On April 2 at three a.m., a large force raided the refugee camp of
Tulkarem, blocked all the roads and paths with barbed wires and announced
on loudspeakers that all males aged 15 to 40 must go to a certain
compound at the center of the camp. At nine in the morning, the army
began to transport the gathered males to a nearby refugee camp. This
time it was only a staged scene, and the residents were allowed to
return after a few days. But the producers of this show made sure
that its significance would not escape the participants and the audience.
They took special care that evacuation be done with trucks - an exact
re-enactment of the 1948 trauma. As one of the residents described
his feelings when he got on the truck, "all the memories and
childhood stories of my father and grandfather about the Nakba
came back (Regular, Ha'aretz, March 4, 2003).

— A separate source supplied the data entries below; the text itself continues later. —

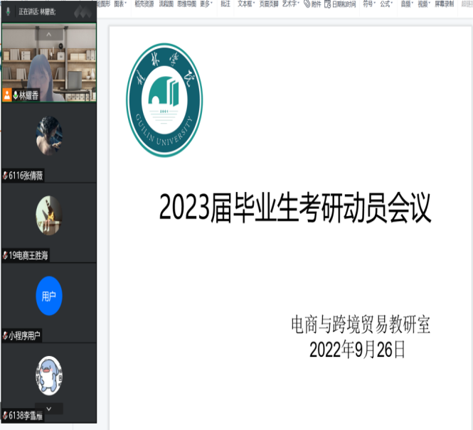 2023年硕士研究生入学考试已进入百日倒计时,为积极引导我院同学们进行考研复习,提升学生考研积极性,给考研学子答疑解惑。在学院领导高度重视、及时部署下,电商与跨境贸易教研室于9月26日再次召集2019级国际经济与贸易专业与2019级电子商务专业同学进行考研动员线上会议。
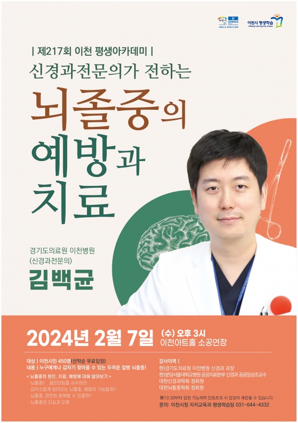 [광성일보] 이천시(시장 김경희)는 다음달 7일 이천아트홀 소공연장에서 김백균(경기도의료원 이천병원 신경과 과장)을 초청해 ‘뇌졸중의 예방과 치료’를 주제로 「제217회 이천 평생아카데미」를 개최한다.이번 강연은 경기도의료원 이천병원(원장 이문형)에서 지역주민을 대상으로 하는 건강강좌를 열어 주민들로부터 큰 호응을 얻은 것으로부터 비롯했다.
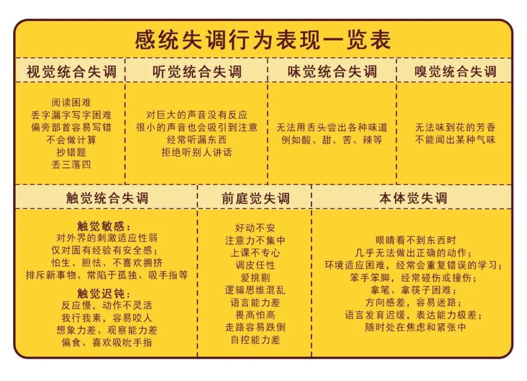 感統(tǒng)失調(diào)的表現(xiàn)還要從視覺、聽覺、味覺、嗅覺、觸覺、前庭覺和本體覺這七個(gè)感官上的失調(diào)表現(xiàn)說起,我將這些表現(xiàn)整理成了一張表格,以便大家對照。
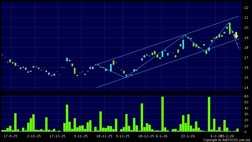 Disclaimer:The information, financial market data, quotes, charts, statistics and / or various technical analysis indicators are automatically generated based on the analyses and interpretations of publicly available information and should be used as references only at your own discretion. Such automatically generated content does not reflect the views or opinions of AASTOCKS.com Limited nor does AASTOCKS.com Limited make any guarantees to their accuracy, completeness, timeliness or correctness. You are advised to consult independent professional advice to verify pricing information or to obtain more detailed market information. Any uses of information or trades executed following the said automatically generated content are taken at your own risk for your own account.
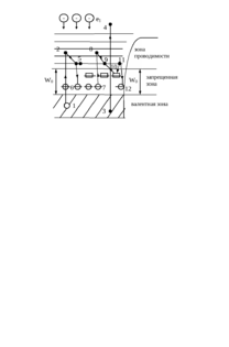 Однако большую ее часть они отдают в конце пути, поскольку имеют малую скорость. Электроны в валентной зоне, получившие энергию от первичных электронов луча, могут быть переброшены из валентной зоны в зону проводимости (1–2; 7–8) или из валентной зоны в вакуум (3–4).Если в этом случае электрон вышел из кристалла, наблюдается вторичная эмиссия. Электроны, оставшиеся в зоне проводимости, повышают электропроводность кристаллов. Это явление – возбужденная проводимость. Покидают люминофор некоторые электроны, а остальные остаются в зоне проводимости, вызывая новые акты возбуждения и выход третичных электронов. Электроны, не вышедшие из кристалла, но оказавшиеся в зоне проводимости, быстро переходят на свободные нижние уровни (переходы 2–5; 8–9). У этих электронов есть две возможности для рекомбинации с дыркой (переход в валентную зону или на локальный уровень (5–6). Переход первый маловероятен. Более вероятен второй – с выделением кванта света. Поскольку примесных уровней много, спектр излучения – полоса (тепловые колебания размывают спектр).
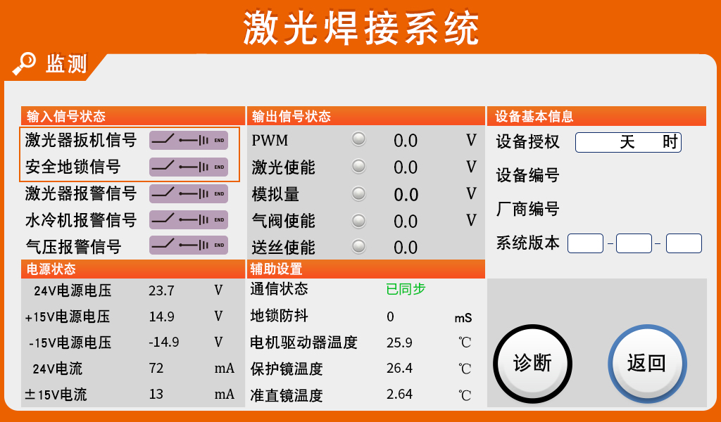 按照其運(yùn)行邏輯,只有【激光器扳機(jī)信號(hào)】和【安全地鎖信號(hào)】有效時(shí),才會(huì)出光(激光器狀態(tài)正常),同時(shí)首頁未出現(xiàn)任何報(bào)警
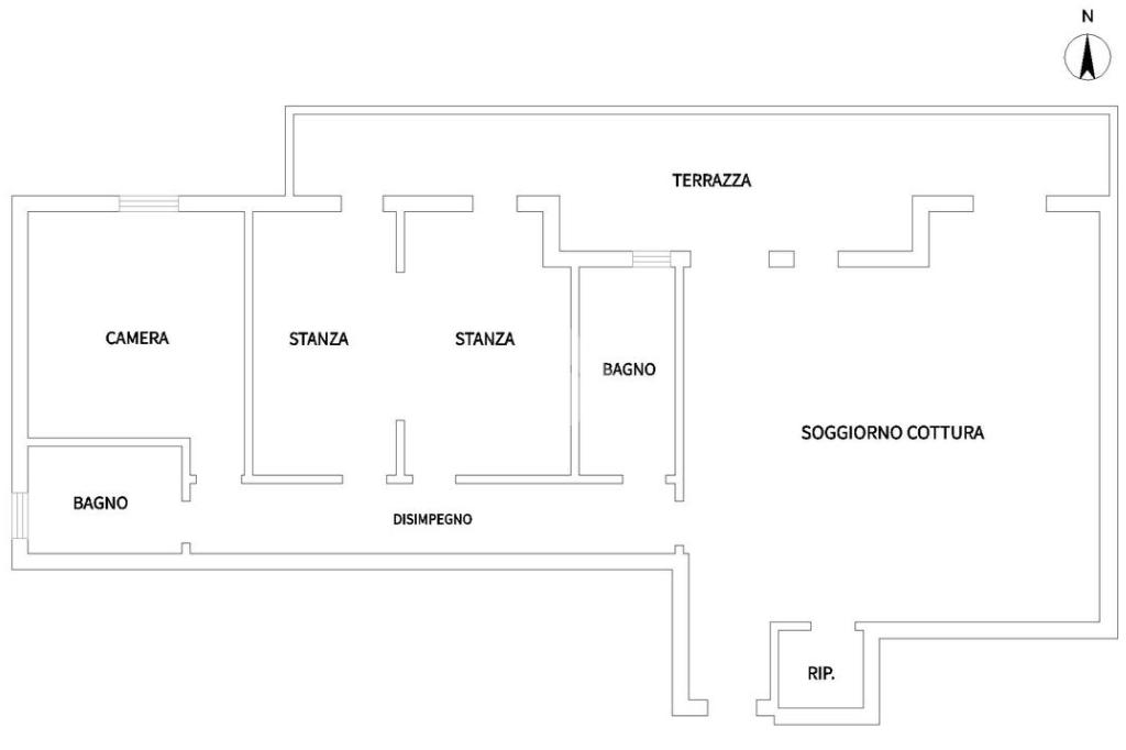 In ingresso si accede alla zona giorno open space con angolo cottura di oltre 50mq, la quale è servita da una terrazza di circa 30mq, ideale per pranzi e cene con gli amici.

2. Many interpret this show as a "general rehearsal" for
the possibility of a future transfer. There is no doubt that the current
government is mentally prepared for transfer, but it is not certain
that the "international conditions" are ripe for executing
this in the way that was staged. The war against Iraq has become too
entangled for the U.S. to to risk opening another flashpoint.
3. But transfer need not involve just trucks. In the Israeli history
of "land redemption" there is also another model, more hidden
and sophisticated. In the framework of the "Judaization of the
Galilee" project, which began in the 1950s, the Palestinians
that remained in Israel were robbed of half their lands, isolated
in small enclaves, surrounded by Israeli settlements, and gradually
lost the bonds that held them together as a nation. Such an internal
transfer is occurring now in the occupied territories, and it has
been escalated during the war.
4. On March 24, the bulldozers moved onto the lands of the village
of Mas'ha, which is near the settlement of Elkana, and began to mark
there the new route of the separation wall, which will disconnect
the village from all of its lands, as well as thousands of dunams
belonging to Bidia and other villages in the area. Elkana is about
7 kilometers away from the green line, but the route of the fence
was changed on June 2002 so that it will include Elkana as well in
the Israeli side. Still, even in this plan, it is not necessary to
take these lands from the villages.
5. It wasn't only land greed that sent the bulldozers to the lands
of Bidia and Mas'ha. These lands are on the western part of the Mountain
groundwater basin - the large water reservoir originating in the West
Bank, whose water flow under the ground also to the center of Israel.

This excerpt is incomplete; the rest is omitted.